Why the Battle Over UK Baby Charlie Gard Has Spurred Outrage and World-Wide Prayer: Every Parent Should be Concerned
Alexandra Snyder : Jul 5, 2017
Life Legal Defense Foundation
Social engineering, political correctness and heavy-handed government control run amok.
(Napa, CA)—[Life Legal Defense Foundation] Ten-month old Charlie Gard has been sentenced to death by the highest courts in the UK for the crime of having been born with an extremely rare condition called mitochondrial depletion syndrome (MDS). Charlie is only one of 16 people ever known to have this disease. (Photo: Charlie with mom, Connie and dad, Chris/PA-Press Association/via The Sun UK)
When Charlie's parents learned that their son was sick, they searched for treatment and found a doctor in the U.S. willing to provide an experimental therapy that has been successful in similar cases. In a short time, Charlie's parents raised $1.5 million for Charlie's transport and treatment in America.
The hospital refused to release Charlie and instead filed a lawsuit so they could take Charlie off of the ventilator that is keeping him alive. The judges agreed with the hospital, ruling that Charlie should be made to die—with "dignity" of course.
The judge said Charlie shouldn't be made to "suffer," even though doctors could not produce a shred of evidence that Charlie was suffering. His parents, who spent thousands of hours with their son, testified that Charlie was not in pain. The judge, even as he commended Charlie's parents for their dedication, felt compelled to intervene in the case as the arbiter of Charlie's "best interest," which he determined to be the baby's death.

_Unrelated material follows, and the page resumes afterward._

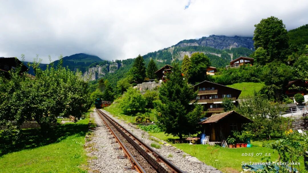 从 布里恩茨 到 龙疆 小镇大概也就半个小时的火车路程,沿路的风景那真是无敌了,这个小房子是我在火车上拍的,坐的火车都是红色的观光火车,大窗户,全视野。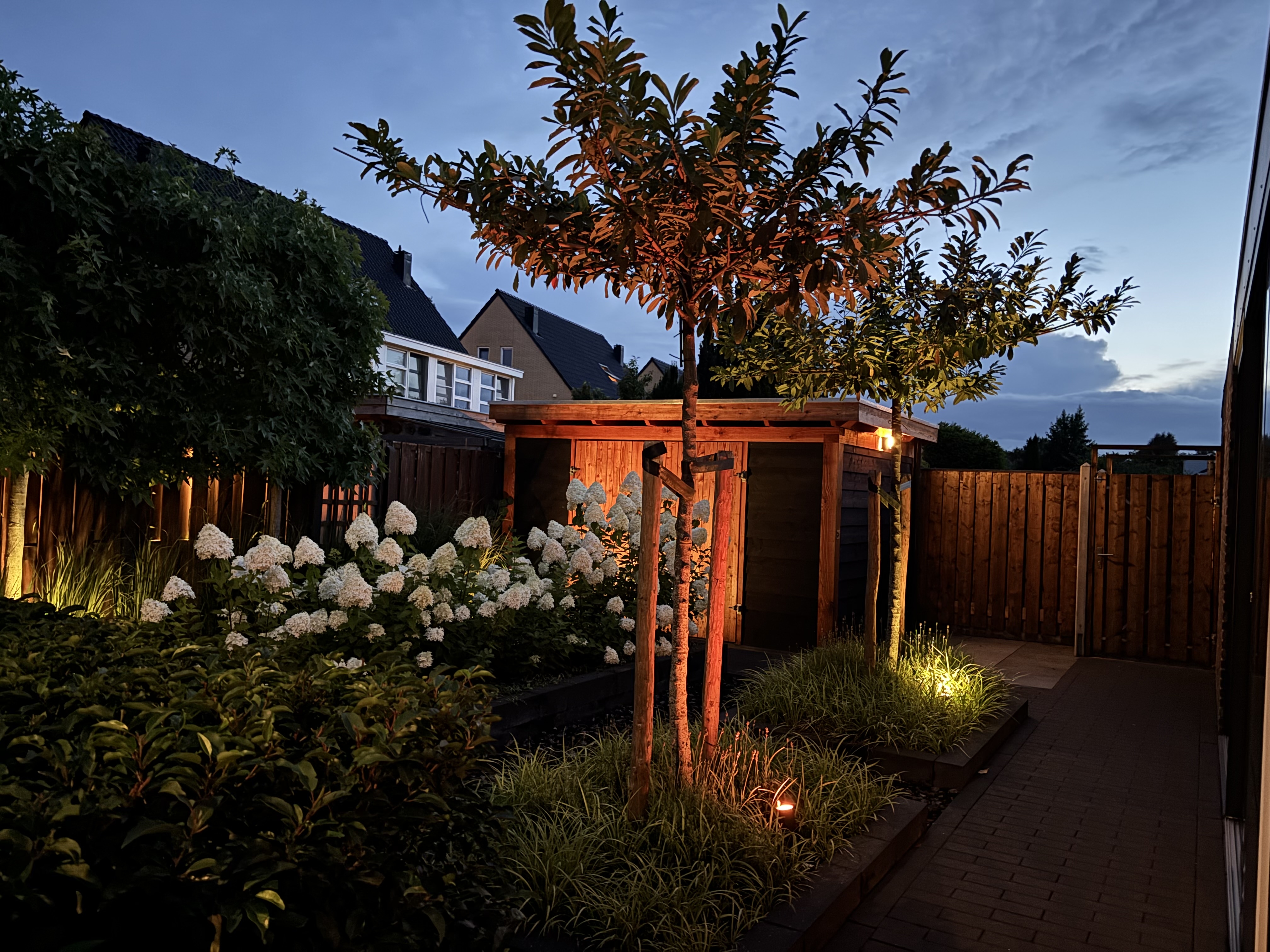 De tuin is in 2023 volledig opnieuw aangelegd en biedt meerdere terrassen. De veranda/tuinkamer maakt dat je hier bijna het hele jaar door van buiten kunt genieten. Verder is er een houten berging (11 m²) aanwezig voor fietsen en tuingereedschap.

"Life Legal is appalled that a court of law would side with a hospital aggressively forbidding the loving parents of a sick baby to seek treatment that could have prolonged or even saved his life. What the judge in this case never bothered to consider is that the hospital's posturing against Charlie Gard's parents and the court's delay in adjudicating the case directly contributed to Charlie's decline," said Alexandra Snyder, Executive Director of the Life Legal Defense Foundation. "There is nothing dignified about a hospital holding a patient captive until he is unable to benefit from treatment that would not have cost the hospital a cent."
Life Legal has intervened in hundreds of cases involving the refusal to provide—or, as in this case, permit—life-sustaining treatment. What these cases reveal is alarming discrimination against the sick and disabled, who are sacrificed at the twin altars of utilitarianism and "death with dignity." We can only hope that Charlie Gard's case will serve as the catalyst for a long-overdue global conversation about what dignity actually entails.